Мы видели, что уже среди «почему», относящихся к природе, и среди «почему», относящихся к предметам, сделанным руками человека, многие представляют собою не «почему причинного объяснения» в собственном смысле слова, но вопросы, в большей или меньшей степени относящиеся к мотивам и приближающие нас благодаря этому к разбираемой сейчас категории. Таким образом, она должна быть преобладающей в собрании «почему» Дэля. На нее действительно приходится 183 из 360 вопросов этого собрания.

Многие из них ограничиваются отыскиванием мотивов совершенно случайного действия или какого-нибудь слова. В них нет ничего интересного. Вот примеры:

 

«Вы здесь завтракаете? — Нет, сегодня я не могу. — Почему?»; «Она [гусеница] кусается? — Нет. — Почему Анита мне это сказала? Злюка!»; «Что изображает твой рисунок? — Вы все хотите знать, вы жадная. Почему вы хотите все знать? Мадемуазель, вы думаете, что это глупости?»; «Почему ей страшно?» и т. д.

 

В этой категории появляются первые «почему» косвенного вопроса: «Вы знаете, почему мне бы хотелось, чтобы вы пришли сегодня после обеда?»

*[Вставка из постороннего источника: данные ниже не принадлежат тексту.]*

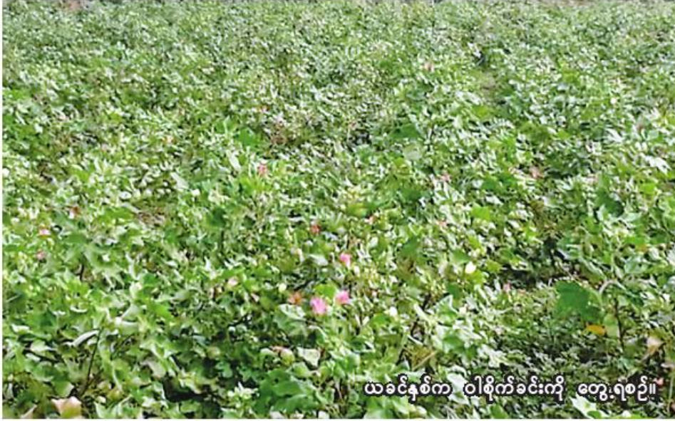
ယခင်နှစ်က ဝါစိုက်ခင်းကို တွေ့ရစဉ်။

မုံရွာ စက်တင်ဘာ ၁၅ စစ်ကိုင်းတိုင်းဒေသကြီး မုံရွာခရိုင် မုံရွာမြို့နယ်တွင် ယခုနှစ် မိုးသီးနှံစိုက်ပျိုးရာသီ၌ စက်မှုကုန်ကြမ်းသီးနှံဖြစ်သည့် ဝါ ၁၅၉၉၇ ကေ စိုက်ပျိုးပြီးစီးပြီဖြစ်ကြောင်း မုံရွာမြို့နယ် စိုက်ပျိုးရေးဦးစီးဌာနမှ သိရသည်။ မုံရွာမြို့နယ်တွင် ယခုနှစ် မိုးသီးနှံစိုက်ပျိုးရာသီ၌ ဝါမျိုးစုံ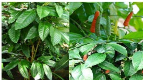
Gambar Cabe Jawa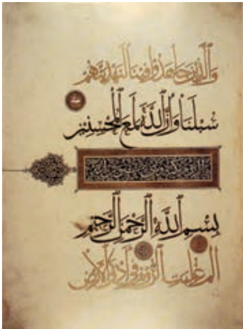
▲ شکل ۱۷-۱۰ - برگي از قرآن مجيد

همچنین هنر کتاب آرایبی و خوشنویسی در زمینه‌های گسترده‌ای رواج یافت و کتابت را به هنری فاخر مبدل ساخت. این تحول با حضور استادان شش‌گانه خوشنویسی - از شاگردان یاقوت مستعصمی - در سه منطقه مهم فارس، خراسان و آذربایجان شکل می‌گیرد. این خوشنویسان هنر خویش را در کاربردهای مختلف تزیین بناها و کتابت نسخه‌های خطی گسترش دادند (شکل ۱۷-۱۰). همچنین ابداع خط نستعلیق توسط میرعلی تیریزی نیز به دوره جلایریان بازمی‌گردد.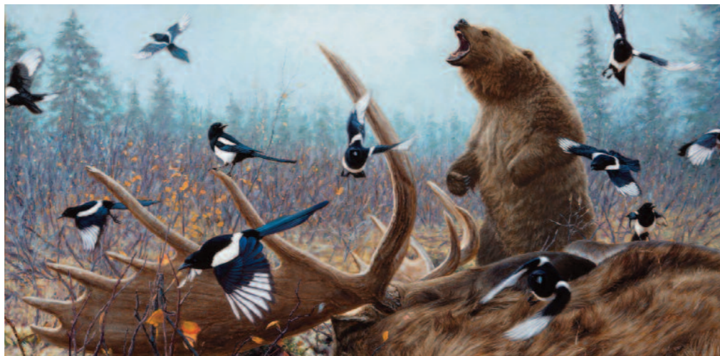
Itt minden az enyém! (Grizzly Encounter)

Az utóbbi esetben a nevelés, meggyőzés és természetesen az anyagi motiváció segíthet. A pénz és az alapítvány anyagi támogatása is számtalan helyen hasznosítható, hiszen a fentiekén kívül ebből kártalanítják a háziállatát elvesztett parasztot, ebből építenek iskolákat, kórházat, és építik ki a megfelelő infrastruktúrát.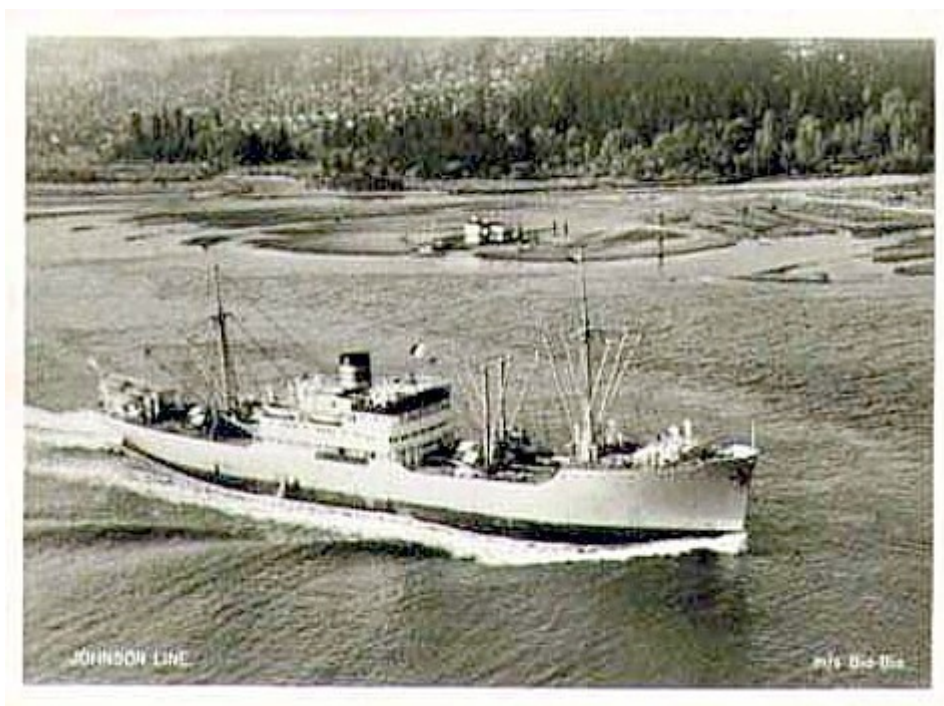
Johnson Line. M/S Bio-Bio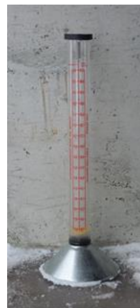
Bilde 2. Vestfold frøavlerlag disponerer dette flowmeteret.

Vanninnholdet i frøet vil hele tiden stå i likevekt med den relative fuktigheten i tørkelufta. Når vanninnholdet i frøet er kommet ned i ca 18% må vi derfor begynne å slå av vifta om natta, da luftfuktigheten er høyest. Seinere blir det aktuelle tidsrommet for tørking mindre og mindre, til sist bare noen timer midt på dagen. Frøet skal tørkes helt ned til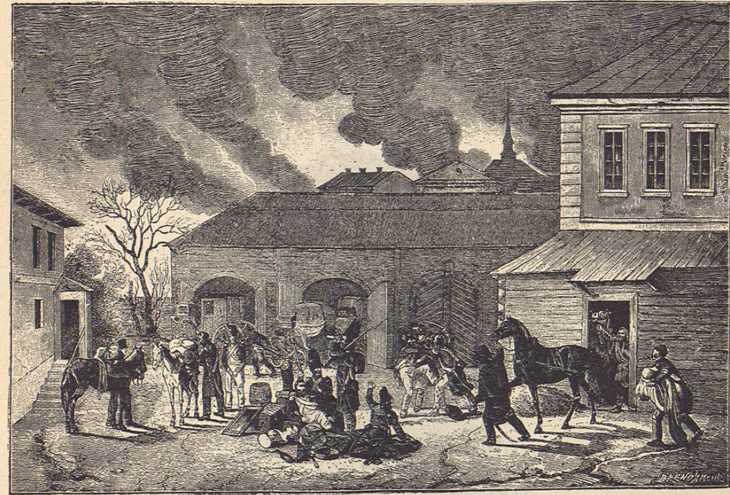
Saqueo é incendio de Moscou.

Pero era necesario salir de Wilna y de Kowno y para ello como en Smolensk iba á ser necesario combatir. ¿Quién libraría el último combate? El más valiente, y como este era Ney, Ney recibió or-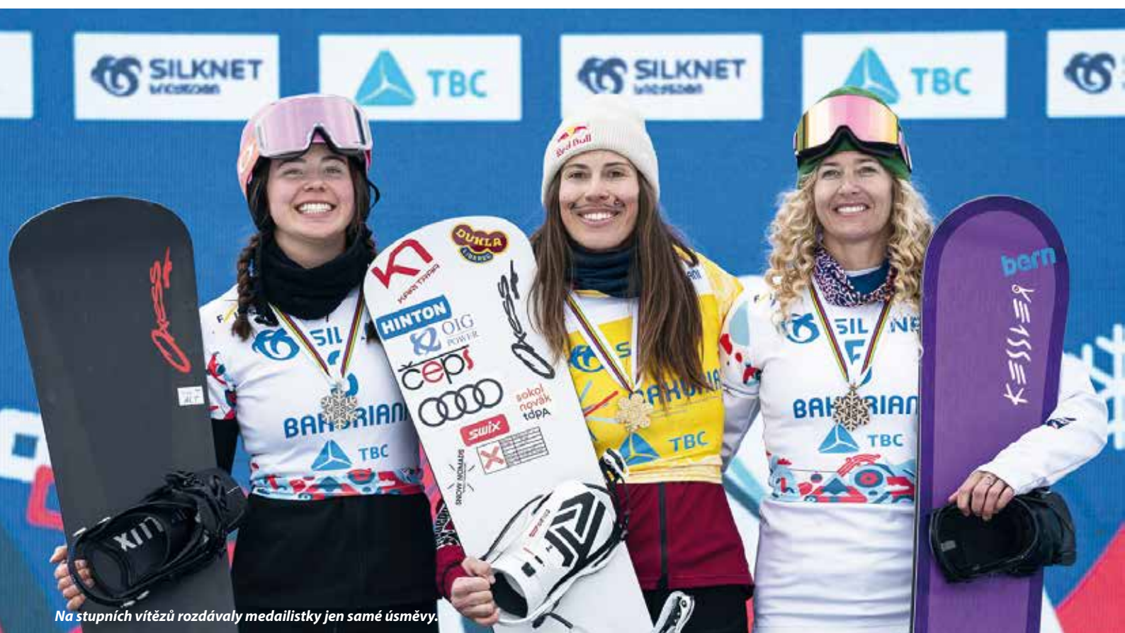
Na stupních vítězů rozdávaly medailistky jen samé úsměvy.

Takový příběh by asi těžko mohl někdo vymyslet. Napsal ho však jeden z nejlepších autorů – život.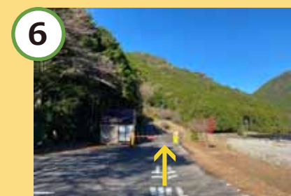
6 ゲートを越えて左上へ。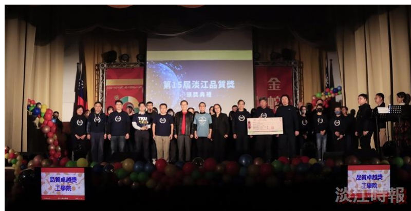
工學院獲得第15屆淡江品質獎「品質卓越獎」。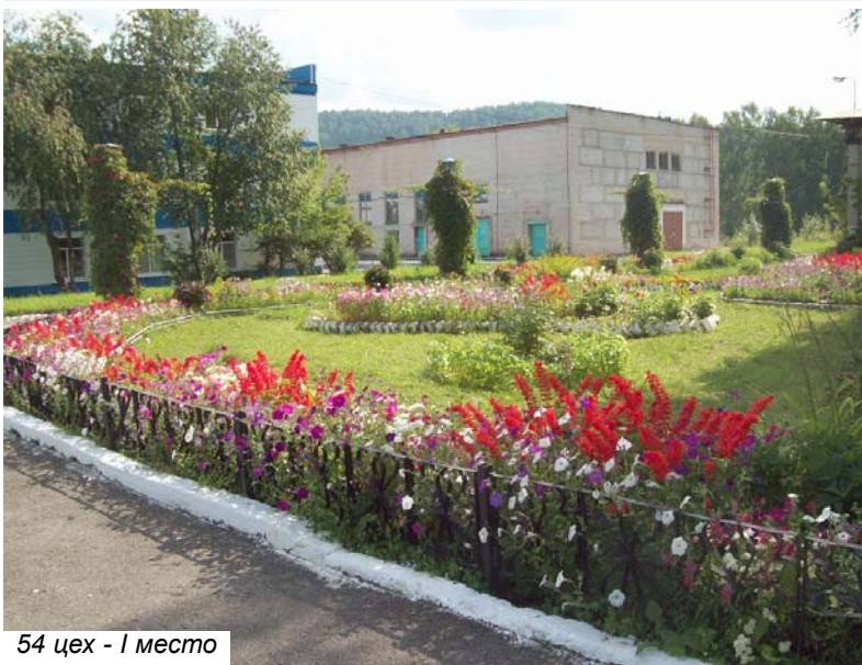
54 цех - 1 место

А эталоном культуры 2009 года стала закреплённая территория 52 цеха. Жаль, правда, что лето было холодным и поэтому бархатцы не захотели стать ярко-оранжевыми, но и в лимонном цвете они тоже очень хороши. Каждый раз, проходя мимо ЦИСа, отмечаешь: "Вот она - прелесть! Не успеваешь отвести один цветок, а на смену ему спешит уже другой".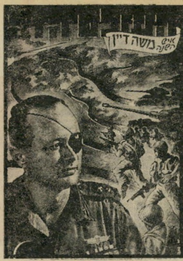
איש השנה תש"ז מַצְבִּיא סִינֵי דִיין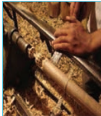
شکل ۱۶-۳ خراطی در استان اردبیل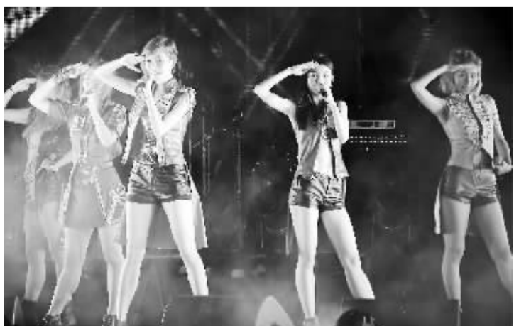
5月4日，“五四青年音乐节”在香港中西区海滨长廊举行。音乐会包括合唱、独唱、舞蹈、乐器独奏等多种表演形式。图为香港组合Super Girls在表演。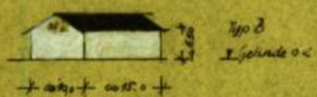
Typ B I. Gehände o.c.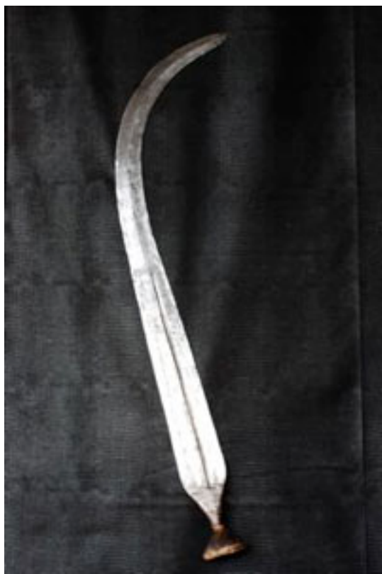
NGOMBE DOKO 1930 / Congo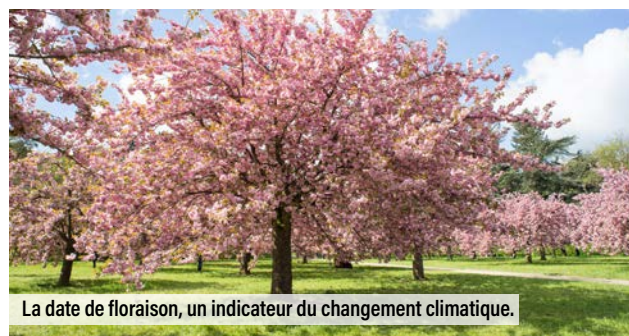
La date de floraison, un indicateur du changement climatique.

Un autre terrain prometteur reste à explorer, celui des données cachées dans des tiroirs, par exemple dans des cahiers, de professionnels ou non. Il y aurait là une mine d'or d'informations à récupérer et à analyser ! Avis aux amateurs.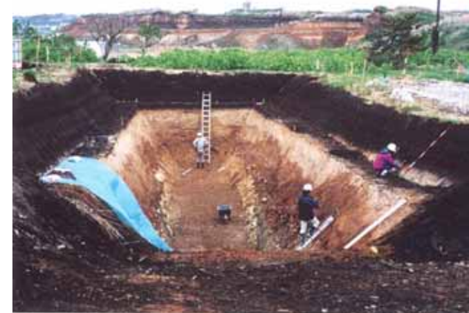
図4 トレンチ調査作業状況(事例)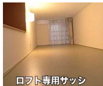
ロフト専用サッシ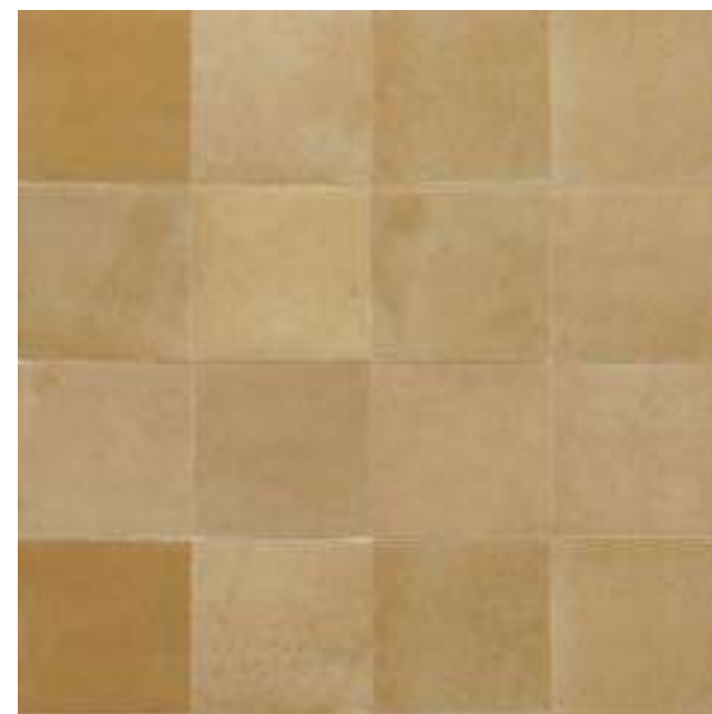
M5P2 カメロ 100×100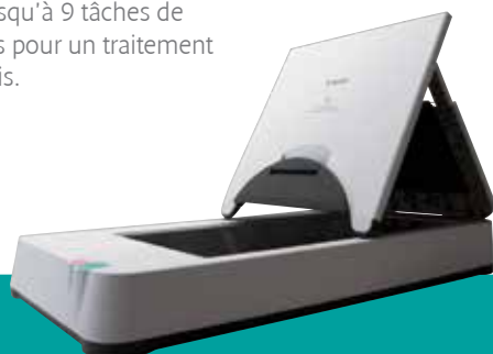
Glace d'exposition A4 Flatbed 101 optionnelle

eCopy PDF Pro Office est une application de bureau puissante et simple qui permet de créer, modifier et convertir des documents PDF plus facilement que jamais.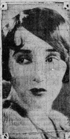
Bebe Daniels, la bellísima artista de cine, se ha declarado gran entusiasta de la aviación. Gran parte de su tiempo libre lo emplea en hacer vuelos sobre California

una casa en el barrio del Carmen en el Catedral, hipotecada a largo plazo, con gravamen no mayor de ₡ 10,000.00. Avise al apartado 1394.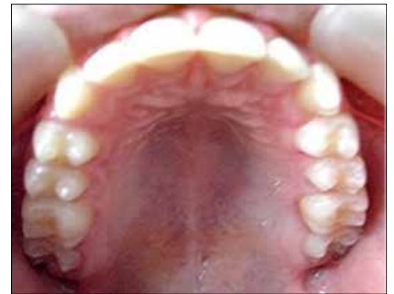
Figura 27. Amplia arcada superior.

Другие «почему» мотивировки в меньшей степени относятся к намерениям, просто возникшим внезапно, чем к собственно психологическому объяснению. В этих случаях термин «мотив» сразу приобретает весь свой смысл — и причинный, и целевой. Ведь объяснить психологический акт — это значит рассматривать мотив этого акта сразу как причину и цель. В общем, мы рассматриваем в качестве «почему» мотивировки всякий вопрос, заданный о причине поступка или непреднамеренного психологического акта, например: «Почему вы никогда не ошибаетесь?» Между причиной психологического акта и мотивом на самом деле существует много переходов: можно говорить о мотиве страха столько же, сколько о его причине, и если нельзя говорить о мотиве какого-либо невольного заблуждения, то это можно сделать относительно полупреднамеренного заблуждения. Короче, при невозможности точного разделения мы условимся причислять к «почему» мотивировки все вопросы, относящиеся к психологическому объяснению, даже к причинному. Вот примеры:

 

«Почему вы меня учите считать?»; «Почему папа не знает его [числа], хотя он взрослый человек?»; «А моя мама [любит маленького Иисуса]? — Да, я думаю. — Почему вы не уверены?»; «Почему, если бы я ее [железную полосу] не взял, я все же смог бы вас защитить? Потому что я мальчик?»; «Почему ангелы всегда милые, а люди нет? Потому что ангелам не надо учиться читать, ни делать очень много скучных вещей? Бывают ли люди, которые злы, потому что они голодны?»; «Почему я делаю быстро и делаю хорошо, а раньше я делал быстро и плохо?»

 

Во всех этих случаях видно, что причина действий, к которым относится «почему», нераздельно связана с их целью и с намерением, которое ими руководило. Тут мы имеем дело с явлением того же порядка, что и в случаях «почему», относящихся к природе, но здесь данное явление нашло свое обоснование, так как эти «почему» относятся к человеческим действиям. Следовательно, можно сказать, что «почему» мотивировки — это те среди детских вопросов, которые наиболее правильно выражены и которые ближе всего к нашему способу познавать вещи.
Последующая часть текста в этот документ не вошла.